他写完最后一项,吹干墨迹,将纸张仔细折叠好:“这份清单,将是我们未来的生命线。通过靓仔坤的渠道、陈药剂师的关系、甚至……那封匿名信可能代表的势力,多方试探,零星收集,化整为零。”
他看向薛长安,眼神深邃:“兄长,我们的‘保安部’,未来或许需要承担更复杂的任务——特殊物资的押运与护卫。”
薛长安默然良久,缓缓点头。他明白,从决定走上这条路开始,就无法再回头。太医令的双手,不仅能握针救人,亦需执剑护道。
“此事,你我来执掌,暂不假手于人。”薛长安最终道。
就在两人密议之时,外面传来三长两短的敲门暗号——是石武。
楚渊收起清单,打开门。石武闪身进来,脸色凝重,低声道:“楚先生,薛先生,刚收到风声,工商署和卫生署联合组成的稽查队,明天会突击检查观塘一带的小工厂和药房,名单不详,但……我们可能在名单上。”
风雨,终于要来了。
楚渊和薛长安对视一眼,没有丝毫慌乱。
“按预定方案应对。”楚渊命令道,“石武,带你的人,立刻将实验室所有敏感资料、样品转移至三号安全点(新购荒地上一处不起眼的废弃农舍)。厂区和药房只保留合规物品。通知所有人,口径一致。”
“是!”石武领命,迅速离去。
薛长安则拿起药箱:“我去一趟安康药房,再检查一遍,所有‘长安一号’和相关记录必须全部转移。”
这一夜,“长安系”的神经紧绷到了极致。在夜幕掩护下,一些不起眼的东西被悄悄运走,一些痕迹被彻底抹去。所有人都沉默而高效地执行着命令,仿佛演练过无数次。
第二天上午,一支由洋人官员带队、华人职员为主的稽查队果然气势汹汹地来到了永丰厂区和安康药房。
他们检查了营业执照、税务记录、库存清单、员工档案……甚至钻到窑炉边查看燃料,打开药柜仔细核对每一瓶药。
楚渊全程陪同,态度不卑不亢,对答如流,所有文件一应俱全。薛长安在药房坐诊,神情自若,仿佛只是经历一次普通的例行检查。

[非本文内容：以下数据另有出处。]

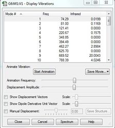 Upon running the first frequency calculation at the same level of theory (B3LYP/6-31G), the IR vibrations were found and none were imaginary, implying that there is no negative force constant. No imaginary frequencies correlates to the fact that this optimized structure is not a transition structure and is in fact a minimum on the potential energy surface.

稽查队折腾了大半天,几乎一无所获。最终,那个带队的洋人官员在离开永丰厂时,看着院子里堆放的那些为“长安精密器械”生产的、符合规范的普通五金零件,略带失望地哼了一声,用英语对助手嘀咕了一句:“看起来太干净了,不像有问题。或许该听听菲茨杰拉德先生的,重点查查那些更大的目标……”
这句话,被恰好懂些英语的石武记下,迅速报给了楚渊。
稽查队走了,危机暂时解除。
但楚渊和薛长安的心情并未放松。
“更大的目标?”楚渊沉吟道,“看来,我们暂时还不是首要目标。但菲茨杰拉德的注意力,己经投向了这里。”
他走到窗边,看向北方那片他们悄悄囤积的土地。
“或许,是时候将一些更核心的东西,转移到更安全的地方了。”
风暴的先锋己然掠过,真正的雷霆,还在云端积蓄。而“长安”这棵幼苗,必须在狂风暴雨真正降临前,将根须扎得更深,更隐蔽。